La position dominante qu'aura Québecor (T.QBR.B) à la suite de l'acquisition de Vision Globale suscite certaines inquiétudes dans le milieu de la production et elle pourrait faire l'objet d'un examen par le Bureau de la concurrence.

Québecor devrait annoncer cette semaine le rachat de Vision Globale, le groupe qui avait acquis les Studios Mel's en 2012 pour environ 80 millions de dollars. Cette transaction permettra au conglomérat de mettre la main sur 18 studios de tournage et sur le plus important service de location d'équipements audiovisuels et de postproduction de la province.

Le Bureau de la concurrence doit être avisé de toutes les transactions dont la cible détient des actifs de plus de 82 millions de dollars. L'organisme peut toutefois se pencher sur les acquisitions de moindre envergure, surtout lorsqu'elles entraînent une forte concentration dans un secteur donné, a expliqué hier la porte-parole, Mélanie Beauchesne.

«Selon la Loi sur la concurrence, toutes les fusions, quels que soient leur ampleur et le secteur économique concerné, sont assujetties à un examen du commissaire de la concurrence afin de déterminer si elles sont susceptibles d'empêcher ou de diminuer sensiblement la concurrence», a souligné Mme Beauchesne.

La porte-parole ne s'est pas prononcée sur la transaction entre Québecor et Vision Globale, dont on ignore pour l'instant le montant exact. Mais elle cite au moins trois cas récents où un examen a été fait par le Bureau, même si la valeur des actifs était inférieure à 82 millions. Elle mentionne le dossier Eastlink-Bruce Telecom, la transaction entre Bell Aliant et Ontera, et un projet d'acquisition de CCS Corporation dans le secteur de l'enfouissement de déchets, aujourd'hui devant la Cour suprême.

Inquiétudes

Le rachat de Vision Globale viendra ajouter un nouveau volet à l'empire médiatique de Québecor. Le groupe - qui possède déjà Vidéotron, le réseau TVA, Le Journal de Montréal et une série de publications - pourra profiter à sa guise des vastes studios de Mel's, où sont déjà tournées certaines des émissions de TVA.
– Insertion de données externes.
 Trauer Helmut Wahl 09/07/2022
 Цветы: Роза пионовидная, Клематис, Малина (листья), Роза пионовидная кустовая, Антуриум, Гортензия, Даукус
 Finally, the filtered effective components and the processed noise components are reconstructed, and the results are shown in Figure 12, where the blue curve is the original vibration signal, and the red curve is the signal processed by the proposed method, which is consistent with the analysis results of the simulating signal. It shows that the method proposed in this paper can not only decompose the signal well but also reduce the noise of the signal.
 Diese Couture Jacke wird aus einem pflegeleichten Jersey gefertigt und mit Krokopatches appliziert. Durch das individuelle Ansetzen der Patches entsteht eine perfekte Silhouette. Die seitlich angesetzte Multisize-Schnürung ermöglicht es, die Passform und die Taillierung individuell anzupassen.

Québecor deviendra aussi un fournisseur de services majeur dans les secteurs de la postproduction et de la location d'équipements, à moins de morceler Vision Globale à la suite de l'acquisition. Une concentration des pouvoirs qui soulève des inquiétudes chez «plusieurs producteurs», observe Denis Paquette, président de Cinépool, propriétaire de 12 studios à Montréal et d'un service de location d'équipements.
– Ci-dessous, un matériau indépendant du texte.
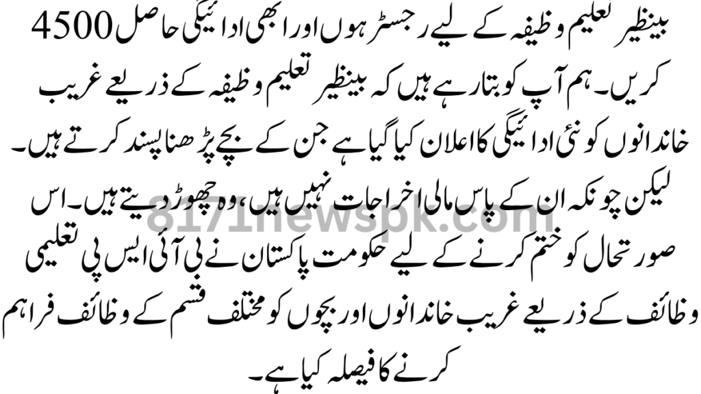 Register for 4500 Benazir Taleemi Wazifa New Form Released

«Est-ce que Québecor va donner carte blanche aux producteurs privés? a-t-il demandé. Parce qu'il y a beaucoup de producteurs privés qui font du contenu pour TVA. Est-ce que Québecor va obliger TVA à dire à ces producteurs-là: vous allez aller tourner dans nos studios avec nos équipements? Ça, je ne le sais pas.»

De son côté, Michel Trudeau, producteur chez Aetios, la boîte derrière les succès 30 Vies, Unité 9 et Trauma, ne s'émeut pas outre mesure de cette acquisition par Québecor. Son entreprise fait déjà affaire avec Vision Globale depuis des années et il n'entrevoit pas de changements majeurs. «Comme producteur, Québecor était notre client. Là, ils vont devenir notre fournisseur», a-t-il résumé.

«Ça pose problème quand ils sont des acheteurs de contenu, mais pas quand ils sont des vendeurs de services, a ajouté M. Trudeau. Si ça ne fait pas notre affaire, on va trouver des ressources ici ou ailleurs et on va aller encourager les autres.»

Proprio québécois

Comme plusieurs autres acteurs de l'industrie, Michel Trudeau salue le fait que Vision Globale restera entre des mains québécoises. Rappelons que l'autre acheteur en lice pour acquérir l'entreprise était le fonds américain Clearlake Capital.

Hans Fraikin, commissaire national du Bureau du cinéma et de la télévision du Québec, espère quant à lui que Québecor saura faire les changements nécessaires pour augmenter l'attrait des Studios Mel's. «Si la transaction se réalise, ce serait bon si Québecor peut investir dans la modernisation des studios. Il faut investir sur cet aspect.»

M. Fraikin apporte néanmoins quelques nuances. «Du point de vue du développement industriel, ç'aurait été intéressant que quelqu'un d'autre construise d'autres studios. Il serait souhaitable qu'il y ait d'autres studios au Québec, sauf que c'est cher et risqué.»

Andrew Lapierre, président de Vidéo MTL, considéré comme le principal concurrent des Studios Mel's, salue pour sa part la fin prochaine de l'incertitude entourant le sort de Vision Globale, en suspens depuis le printemps. «C'est important que ce soit stable, parce que dès qu'il y a de l'instabilité, les Américains décident de ne plus venir.»